Pero sólo en estos rasgos y en algunos indicios de sentido del ritmo del director Villaverde se agotan las bondades de Finisterre. Son bondades parciales, porque lo que falla es el conjunto, el relato como todo, desde la composición de su aventura hasta la elección de los escenarios de ésta, que se limitan a la condición de estampitas turísticas archisabidas de la Costa de la Muerte gallega y, sobre todo, de Madrid y Lisboa.
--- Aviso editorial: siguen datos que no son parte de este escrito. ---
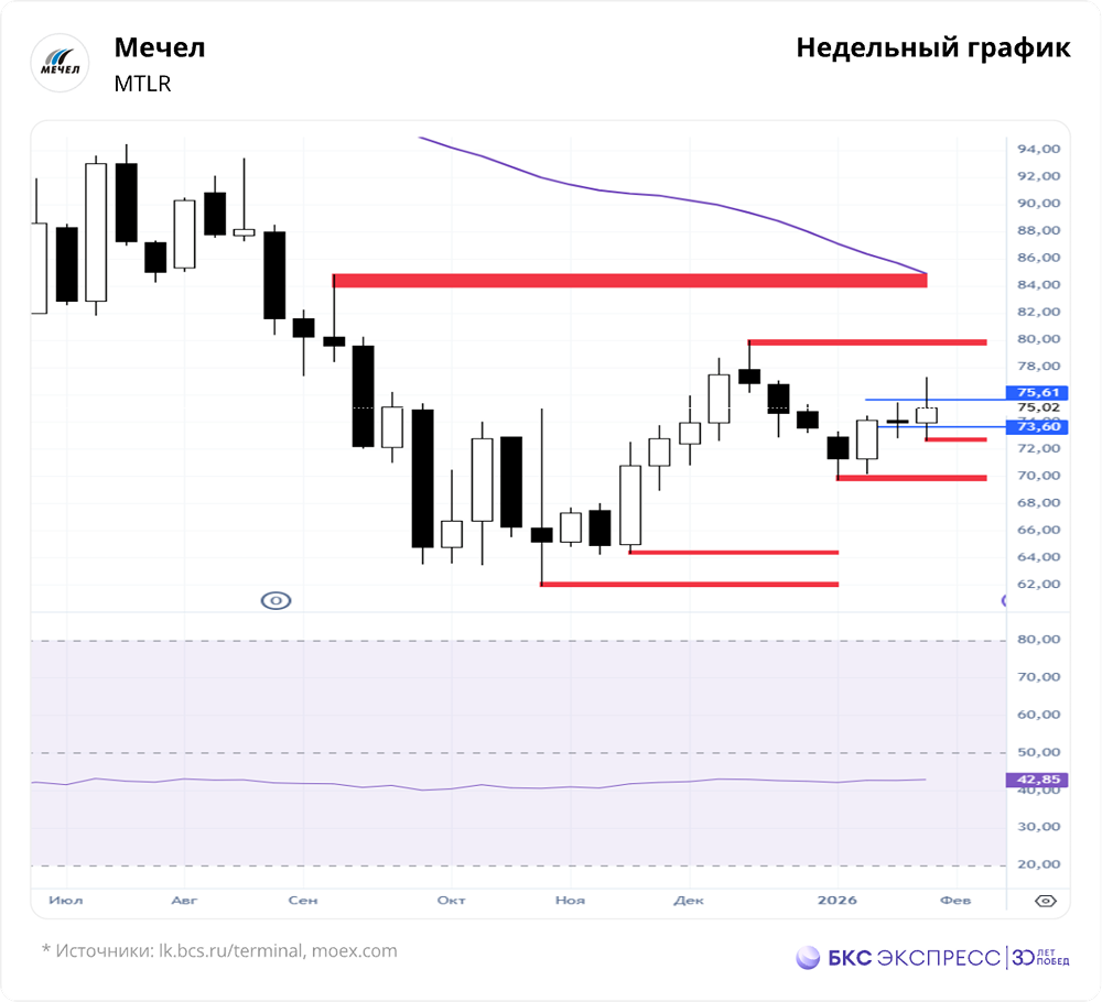 Мнение: БКС Экспресс Прогноз стоимости акций Мечела: Вероятность коррекции увеличивается Акции компании «Мечел» на прошлой торговой сессии поднялись на 1,76%, закрывшись на уровне 75,86 рубля. Бумаги показали более сильную динамику, чем рынок в целом, при этом объем торгов достиг 1 млрд рублей. Краткосрочная перспектива • Бумаги преодолели диапазон 72,75–75,44, и неделя завершилась ростом. Максимум был зафиксирован на уровне 77,27 рубля. • Сейчас структура рынка указывает на возможную коррекцию. Первая цель — слом уровня поддержки 72,59 рубля на следующей неделе. Движение может продолжиться в зону 70,44–69,93 рубля. Этот сценарий остается актуальным, пока уровень сопротивления 77,27 не будет пробит. • Особое внимание следует уделить уровням сопротивления и поддержки: 77,27 и 72,59 рубля. Внешний фон Индекс S&P 500 в четверг снизился на 0,21%, а утром потерял еще 0,6%. Азиатские индексы преимущественно находятся в минусе. Нефть Brent в четверг выросла на 3,38%, но утром торговалась с понижением на 1,4%. Уровни сопротивления: 77,27 / 80 / 84,84 Уровни поддержки: 72,59 / 69,71 / 64,2 Долгосрочная перспектива • Волна роста достигла основных целей 73,6–75,61 рубля. Теперь ждем формирования новой структуры на недельном графике, чтобы оценить дальнейшие цели. • Локальные цели рассматриваем в краткосрочной перспективе. В долгосрочной — следим за закрытием недельной свечи в конце пятницы. • Сохраняем «негативный» взгляд на акции компании из-за низких цен на уголь, высокой ключевой ставки и кризиса в сталелитейной и угольной отраслях России и Китая. • Высокие ставки, низкие цены на уголь и сталь вынуждают холдинг увеличивать долг. Ключевая ставка ЦБ РФ остается двузначной. У компании около 90% кредитов в рублях с плавающей ставкой. По нашим оценкам, текущая ситуация не позволяет «Мечелу» генерировать достаточно EBITDA для покрытия процентов, что приведет к росту долга к 2025 году. Автор: Мамонтов Андрей Не является индивидуальной инвестиционной рекомендацией Пост взят с соцсети [M O N D I A R A](https://i.mondiara.com/) 👉 вот ссылка на канал: https://i.mondiara.com/i/c/mechel_analytics Скачать в [App Store](https://apps.apple.com/ru/app/m-o-n-d-i-a-r-a/id6475953453) Скачать в [Google Play](https://play.google.com/store/apps/details?id=com.mondiara.app) Валюта расчёта - Ваши добрые мысли! Спасибо, что с нами! Источник: bcs-express.ru

Fallan los espacios, falla el tempo que discurre sobre estos espacios, y naufraga el filme como tal, como unidad, como conjunción, como articulación de una totalidad.
Era, con todas las distancias que se quiera, casi lo mismo que le ocurría a la decepcionante La canción de Carla, la dispersa e irregular película nicaragüense del célebre cineasta británico Ken Loach, que ahora recupera en Mi nombre es Joe su paisaje urbano, social, dramático y político propio, natural, y en el que se desenvuelve como el pez en el agua, soltando con dureza y libertad una nueva andanada de mugre proletaria británica al perfumado señoritismo británico, que obviamente profesa a este cineasta una mortal ojeriza, una auténtica alergia contra este terco tábano llamado Loach, incorregible bolchevique que no ceja en su empeño de airear por el mundo los trapos sucios del salvaje subsuelo de la pulcra sociedad contra la que le ha tocado vivir y luchar.
Extrema dureza
De nuevo metido en las cloacas del thatcherismo, Loach da rienda suelta a su afilada y enconada mirada subversiva, y alcanza en Mi nombre es Joe un filme vigoroso, de extremada dureza, un violentísimo thriller verista y agenérico, que paso a paso se va escorando hacia la frontera del territorio de la tragedia y, en su zona final, entra de forma rectilínea dentro de ella, gracias a la poderosa creación de su intérprete protagonista, el superdotado Peter Mullan, que obtuvo con unanimidad, arrollando a sus contrincantes, el premio al mejor actor en el último Festival de Cannes.Joe, el obrero arrabalero y entrenador del peor equipo de fútbol de Escocia, fue ayer aquí el amo de las pantallas, convenció, entusiasmó su abrupto laconismo, sobre todo cuando se tradujo en la elocuencia de los actos de un hombre revolucionario desatado, pero sin el cauce de una revolución en la que moverse. Se vivió con alegría su dolor, nos endulzó el día su amargura.